Wednesday, June 6, 2007


In the heart of the Congo basin forests the Baka community are fighting for their lives to save a disappearing world from an unseen enemy. The rain forests of Central Africa vast green blanket covering the area the size of Mexico hidden by trees are the forest homes of the Baka people. No one knows how long the Baka have lived in this forests. Ancient Egyptians recorded contact with them nearly 2500 years before Christ. Europeans who came to this region 4000 years later called them pygmies, they call themselves Baka.

The Baka believe they were thrown out of heaven for being too noisy and sent to live in the forest. The Baka people are hunter and gatherers. A semi nomadic tribes people, the Baka lived across huge territories of forest regions. In the 1960s life changed as the government of Cameroon encouraged the Baka's to move out of the forest and live by the road sides in exchange for schools, health care and the chance to trade. Then it seemed like a good deal. Little did they know...
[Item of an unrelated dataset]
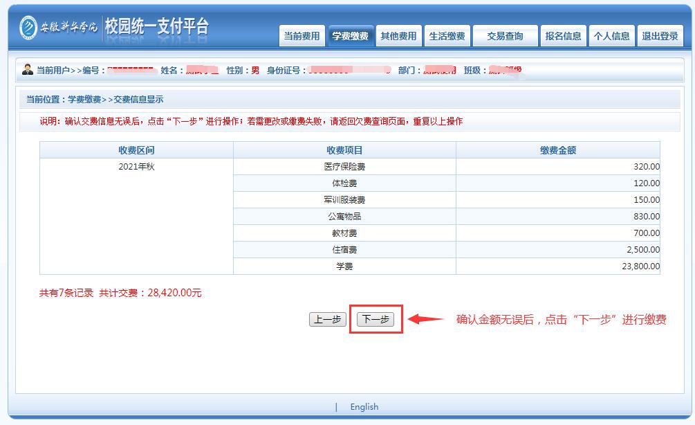 (4) 再次确认缴费信息后点击“下一步”。(图6)

Massive deforestation, which deprives the Pygmies of the natural and symbolic resources essential for their biological and cultural survival is now endemic. The trees in the forests can fetch up to US$40,000 for each individual tree due to their rarity and age. Before, the Baka would walk freely through the forest stopping wherever they liked, cuts sticks to make temporary shelters. They ate plants and fish as men hunted for game meat to feed the communities. Now they are forced to live a sedentary lifestyle.

Today the Baka village sends a group of men deep into the forest to hunt for big game meat to provide a substitute to their dietary needs. They use guns and sometimes can only afford one bullet as they are so expensive and literary have just one shot at finding the food. They hunt for monkeys, forest buffaloes and other big game life within the forest. They skin and smoke the game meat so as to ensure the meat does not rot while at the same time deterring flies. For the Baka survival in the forest is only possible because they share everything equally. Pickings are too lean for everyone to find their own.

In the periods of the year when the Baka live near the Bantu villages, they are exploited and despised by their farmer neighbours. The Baka have become victims of racism and exploited in the plantations as very cheap labour. Despite the inadequate diet and various health problems, the Baka communities have managed to live a peaceful life and maintaining their cultural heritage and the Baka identity.